(Goal of the exercise)
Repeat the span of the entries below that starts at the line with "秋冬シーズンでもまだまだ暑い" and ends at the line with "Площадка Столица —", nothing more. Skip the pictures.

(Record excerpts)
####################
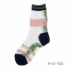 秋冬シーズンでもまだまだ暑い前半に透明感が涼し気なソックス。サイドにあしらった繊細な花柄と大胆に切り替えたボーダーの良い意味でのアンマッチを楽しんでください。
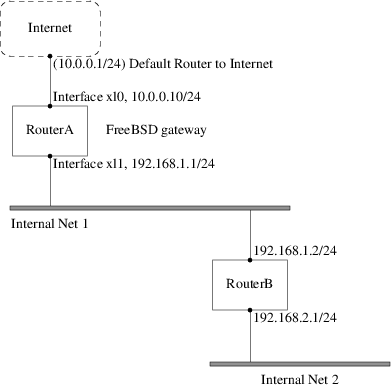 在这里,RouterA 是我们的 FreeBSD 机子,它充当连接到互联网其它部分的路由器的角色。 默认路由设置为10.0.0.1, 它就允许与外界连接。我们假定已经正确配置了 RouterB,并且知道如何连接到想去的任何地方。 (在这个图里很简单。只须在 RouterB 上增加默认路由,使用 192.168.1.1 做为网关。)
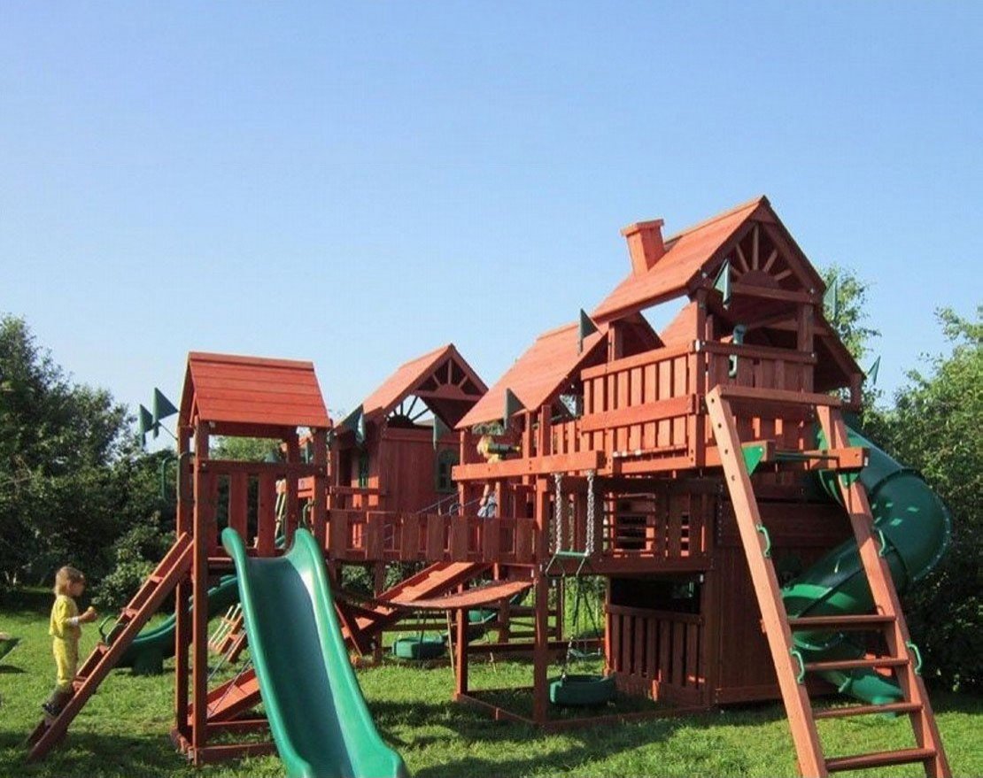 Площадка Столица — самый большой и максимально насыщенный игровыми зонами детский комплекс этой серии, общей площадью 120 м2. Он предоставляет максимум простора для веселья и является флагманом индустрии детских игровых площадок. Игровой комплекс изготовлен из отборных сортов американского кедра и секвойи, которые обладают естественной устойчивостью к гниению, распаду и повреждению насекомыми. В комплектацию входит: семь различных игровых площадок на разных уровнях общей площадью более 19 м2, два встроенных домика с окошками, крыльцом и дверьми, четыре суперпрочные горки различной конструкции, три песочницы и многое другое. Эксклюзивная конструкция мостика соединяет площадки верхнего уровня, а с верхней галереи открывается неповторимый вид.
####################
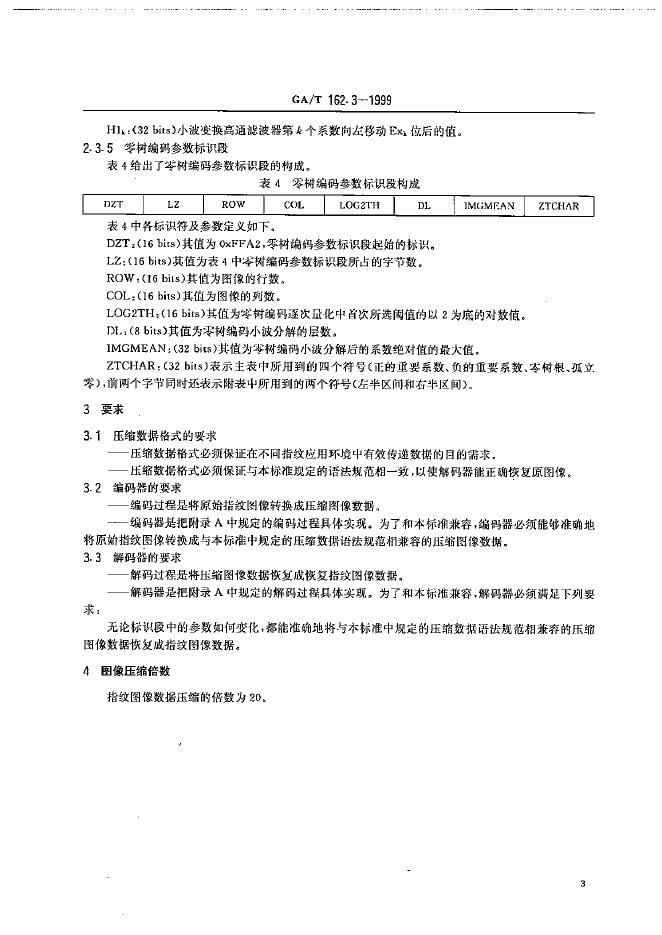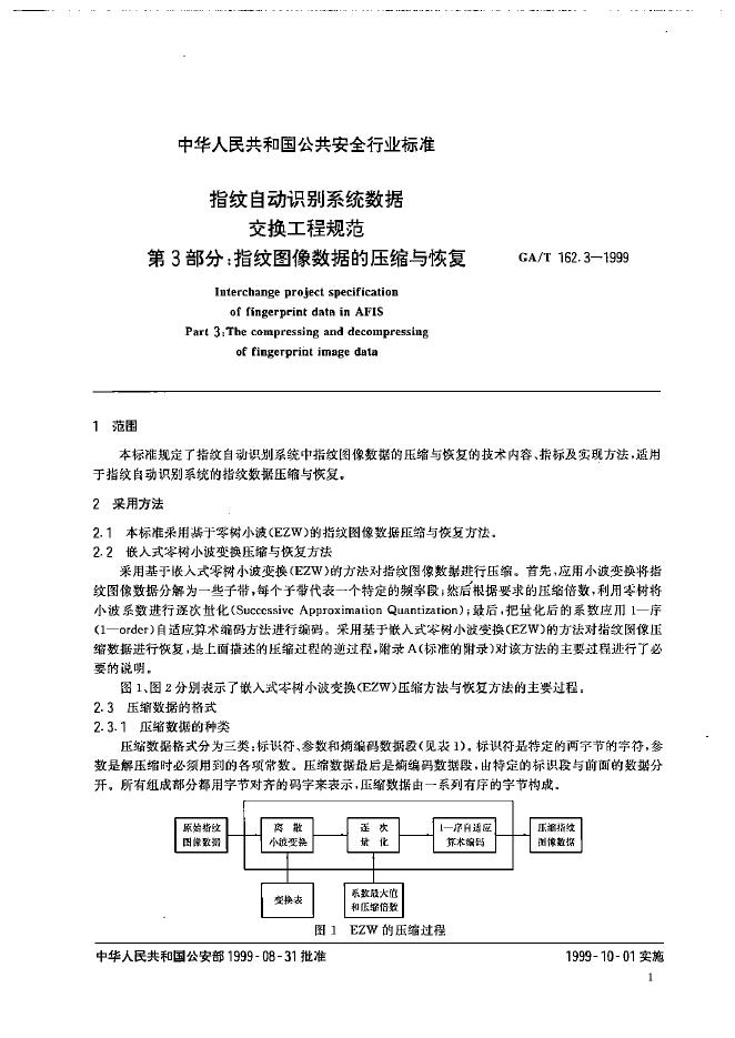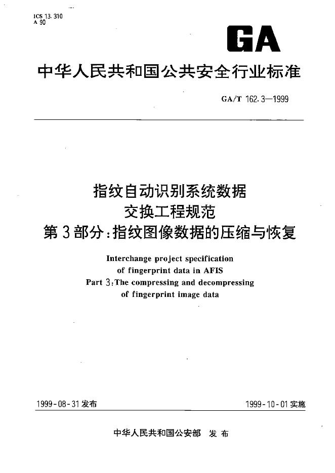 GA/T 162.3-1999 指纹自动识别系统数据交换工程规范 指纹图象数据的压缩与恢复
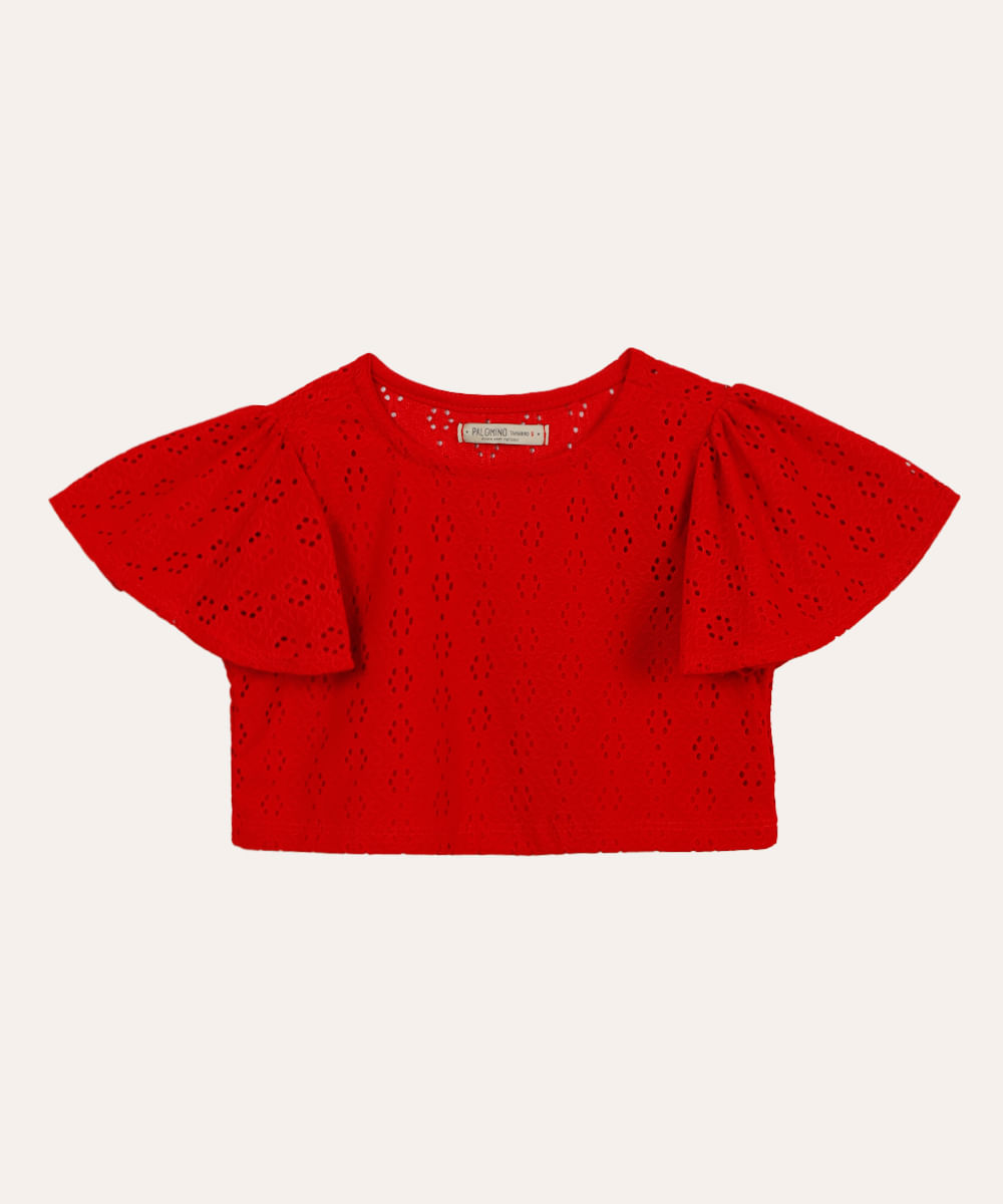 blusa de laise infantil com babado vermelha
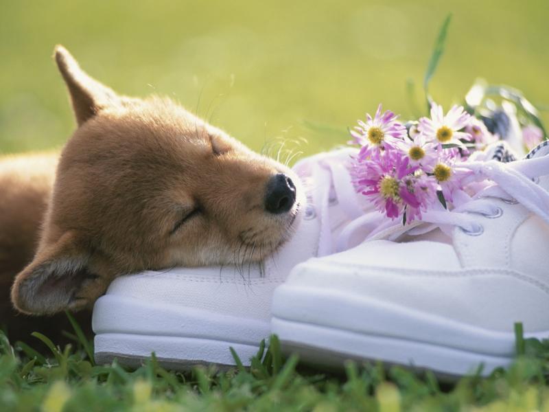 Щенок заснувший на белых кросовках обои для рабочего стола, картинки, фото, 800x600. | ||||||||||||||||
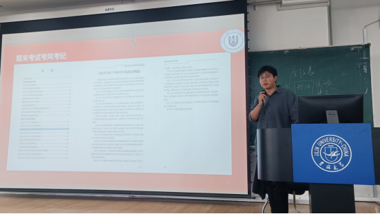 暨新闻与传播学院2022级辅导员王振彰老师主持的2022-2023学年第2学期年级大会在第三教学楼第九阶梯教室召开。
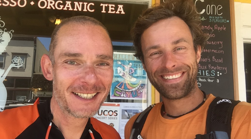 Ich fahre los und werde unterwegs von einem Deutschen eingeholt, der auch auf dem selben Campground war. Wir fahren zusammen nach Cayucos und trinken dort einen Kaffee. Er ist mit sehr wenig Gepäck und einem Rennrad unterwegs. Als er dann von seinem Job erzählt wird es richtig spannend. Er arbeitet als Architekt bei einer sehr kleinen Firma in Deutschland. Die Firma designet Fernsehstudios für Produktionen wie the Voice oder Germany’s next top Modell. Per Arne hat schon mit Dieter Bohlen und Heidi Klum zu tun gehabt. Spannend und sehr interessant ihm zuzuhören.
####################
(Your response)
 秋冬シーズンでもまだまだ暑い前半に透明感が涼し気なソックス。サイドにあしらった繊細な花柄と大胆に切り替えたボーダーの良い意味でのアンマッチを楽しんでください。
 在这里,RouterA 是我们的 FreeBSD 机子,它充当连接到互联网其它部分的路由器的角色。 默认路由设置为10.0.0.1, 它就允许与外界连接。我们假定已经正确配置了 RouterB,并且知道如何连接到想去的任何地方。 (在这个图里很简单。只须在 RouterB 上增加默认路由,使用 192.168.1.1 做为网关。)
 Площадка Столица — самый большой и максимально насыщенный игровыми зонами детский комплекс этой серии, общей площадью 120 м2. Он предоставляет максимум простора для веселья и является флагманом индустрии детских игровых площадок. Игровой комплекс изготовлен из отборных сортов американского кедра и секвойи, которые обладают естественной устойчивостью к гниению, распаду и повреждению насекомыми. В комплектацию входит: семь различных игровых площадок на разных уровнях общей площадью более 19 м2, два встроенных домика с окошками, крыльцом и дверьми, четыре суперпрочные горки различной конструкции, три песочницы и многое другое. Эксклюзивная конструкция мостика соединяет площадки верхнего уровня, а с верхней галереи открывается неповторимый вид.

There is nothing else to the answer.